I have Cubase 8.5.30 on Windows 10 and It’s been working perfectly for years. In the last 6-8 months or so I started to get some weird real-time peaks and cracks while playing audio or recording. At first I thought it was just temporary or had something to do with my old HD-drive where some of the sessions were. I moved all the sessions to SSD, but it didn’t help.

Now I’ve been trying to get to the bottom of this with no luck:

  • I checked and update my motherboard drivers
  • Checked and updated my sound card drivers
  • Tried different usb ports for my sound card
  • Bought a new sound card (!)
  • Tried repairing the installation of Cubase
  • Tried booting in safemode to see if there’s a background app disturbing Cubase

Nothing of the above helps.

I realized it was not about sound card and tested 3 other DAWS. None of them have the issue. The problem only appears when using Cubase.

The problem seems to be present all the time regardless of the size of the project or plugins used etc. If I start a new Cubase project with only a master track, no plugins, no audio tracks - nohting, the real-time peaks are overloading all the time. The only thing that helps a little is setting up the buffer size, but it’s till acting weird and making recording impossible. And before the problem appeared I could easily use quite low buffersize with no problems what so ever.

Things that might affect this is that I bought a new CPU (Ryzen 7 3700x) and GPU (Nvidia GeForce GTX 1070 Ti). How ever I haven’t found any clues that they would be causing the problem.

I’m clueless. I’ve been using Cubase since 2003 and never seen anything like this.

Any idea what this could be and what should / could I do?

Have you tried running latency mon to see if this shows anything? What about running windows ultimate power scheme?

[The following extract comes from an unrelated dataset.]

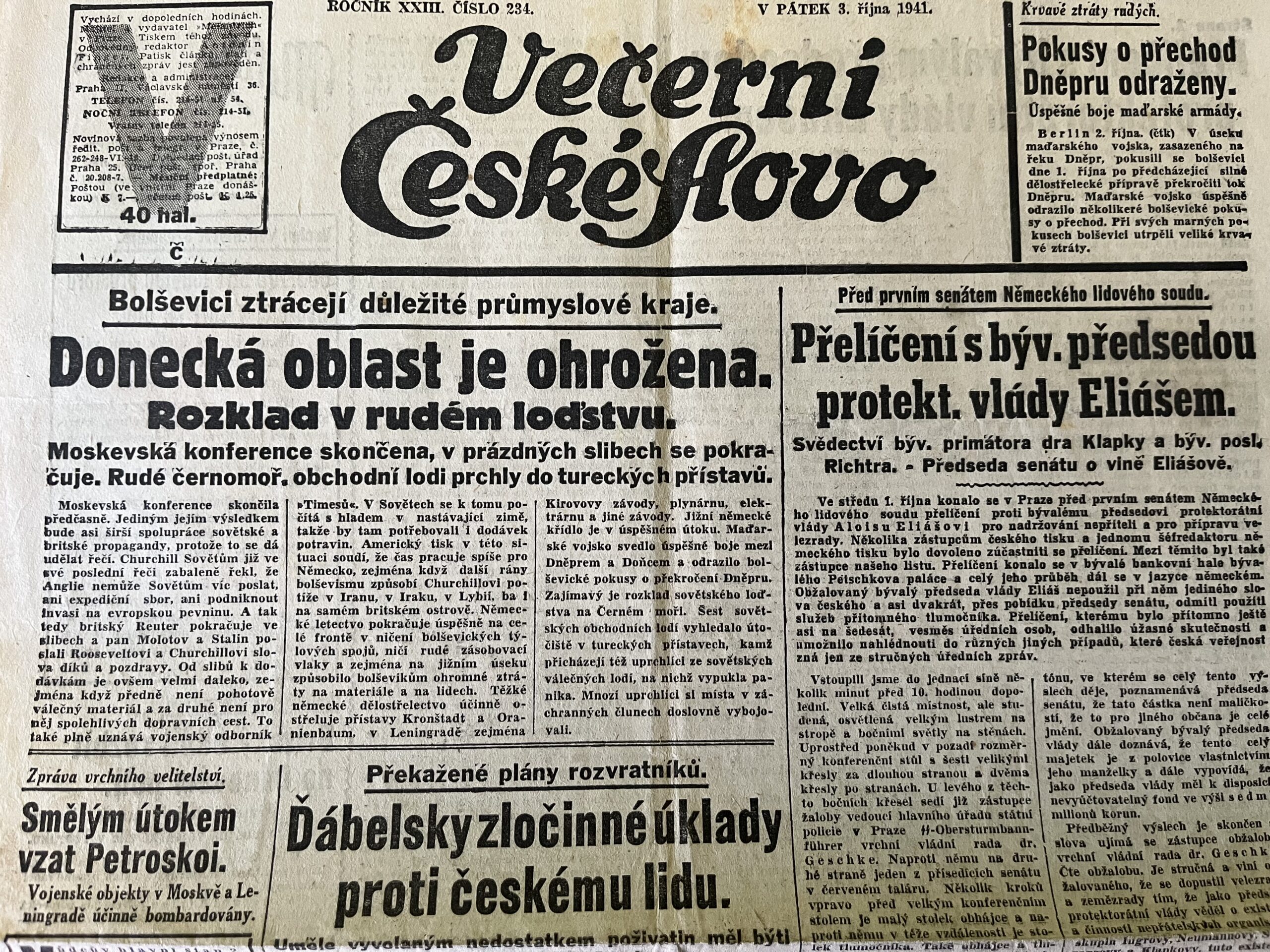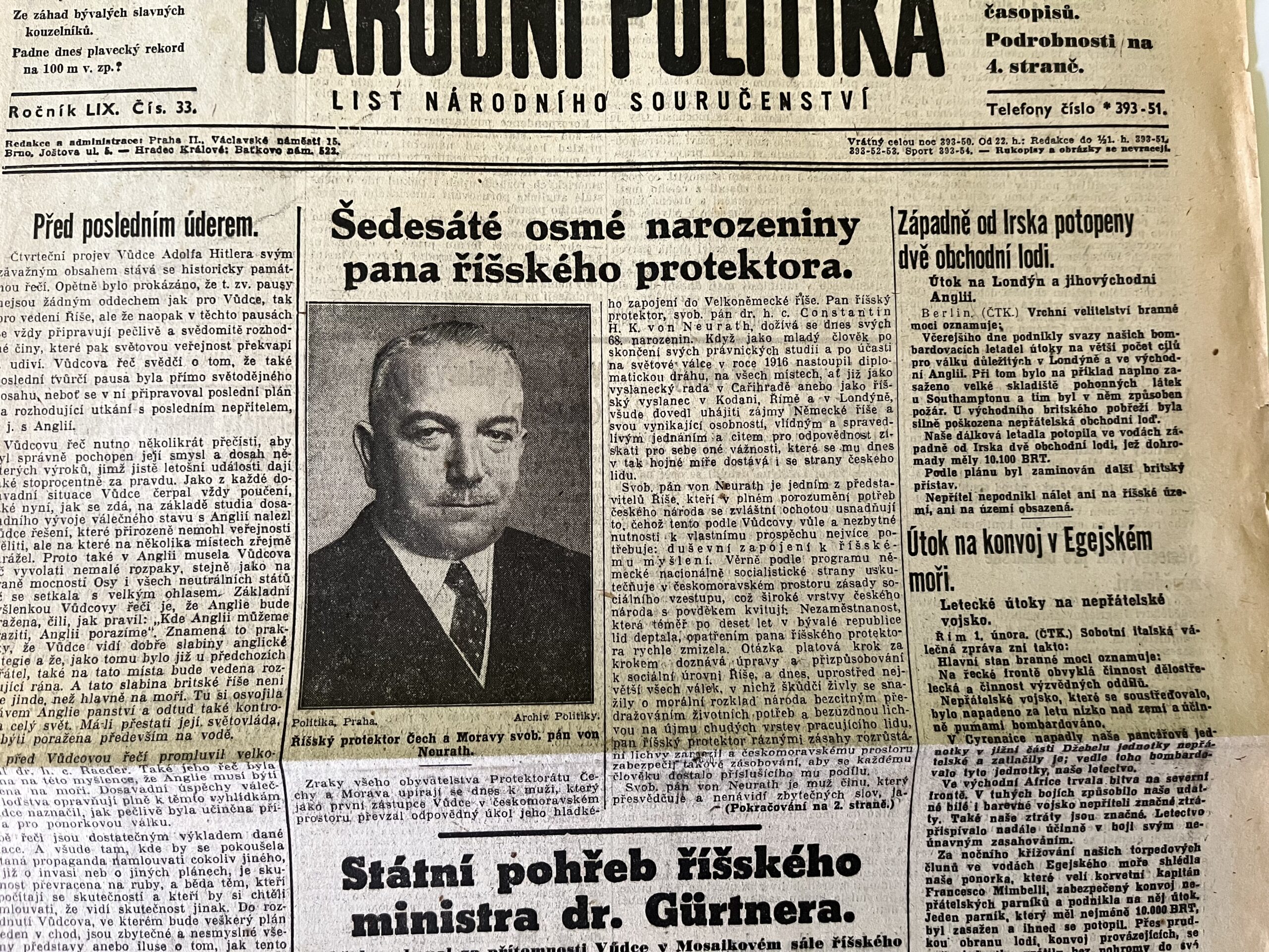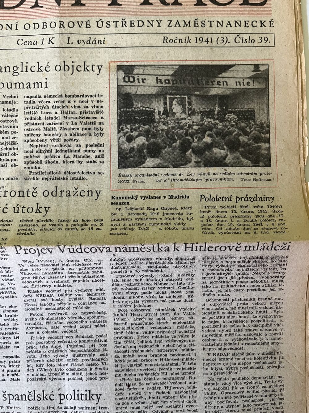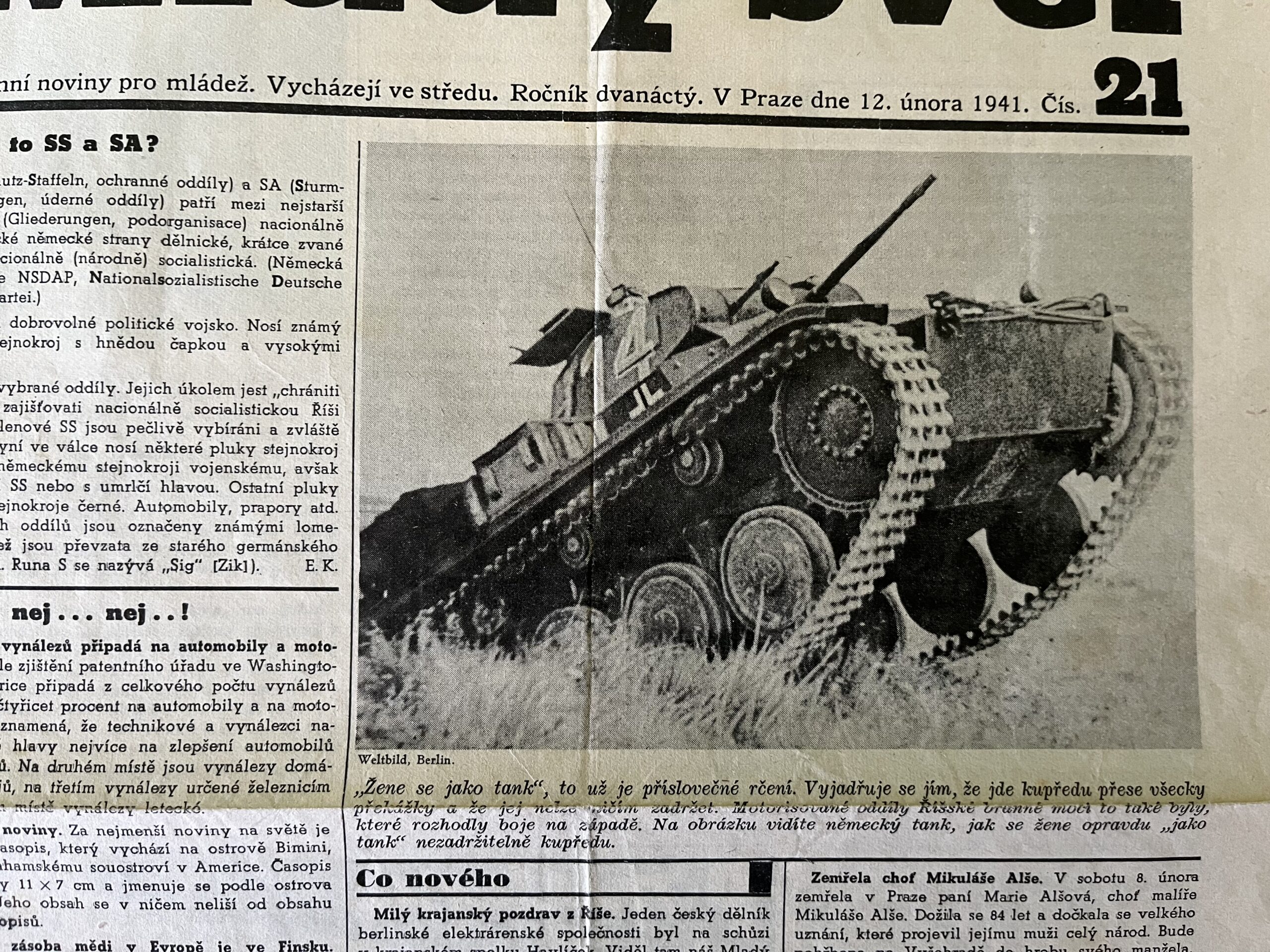 13 (K3-3) Noviny Mladý svět, Národní politika, Národní práce. Rozměr jedné strany 32 x 47 cm. Celek novin obsahuje 2 x Národní práce 9.února 1941 – Důležité anglické objekty zasaženy pumami. Na řecké frontě odraženy nepřátelské útoky…aj. 12 stran. 18. února 1941 – Úspěchy německých ponorek. Boje na řecké frontě trvají…aj. 4 listy. 1 x Večerní České Slovo 3.října 1941- Donecká oblast je ohrožena. Ďábelsky zločinné úklady proti českému lidu…aj. 1 list. 1 x Národní politika 2.února 1941 – Před posledním úderem…aj. 1 list. 1 x Mladý svět 12.února 1941 Co je to SS a SA? Co nového…aj. 2 listy.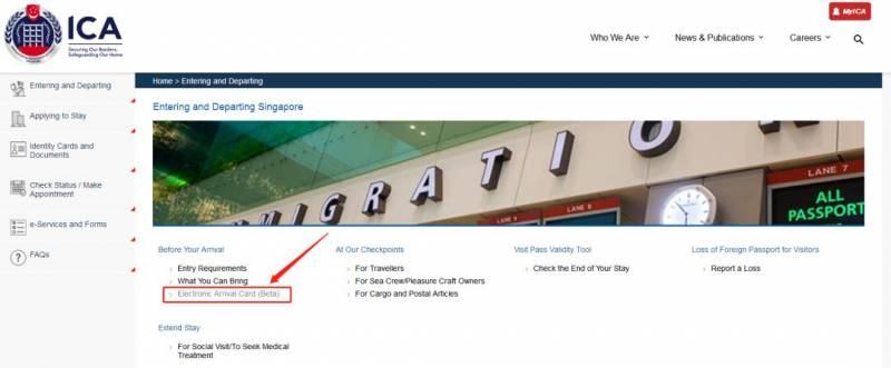 打开https://www.ica.gov.sg/,点击Enterning and Departing;

Over the last 30 or 40! years, 99% of my Cubase hardware issues have been due to the system hogging the PCI bus with video oriented calls.
NVidia, Ryzen,and even Microsoft only seem to address VIDEO speed,
so as a result even the “performance” modes just give more bus time to the video card. ( PCI Latency )
In the old days, the first suggestion was to disable video hardware acceleration. These days, options like that are inaccessible to the user,
so we just have to Google each other’s posts until someone stumbles upon a solution.
I suggest using the PCI Latency Monitor, and disable the items that are taking up too much bus time.(If you can!)
Possibilities are: video card settings, wifi/ethernet card, or even Ryzen CPU utilities, although that can quickly get into the deep weeds.
Check out the PCI Latency Monitor, and good luck from there!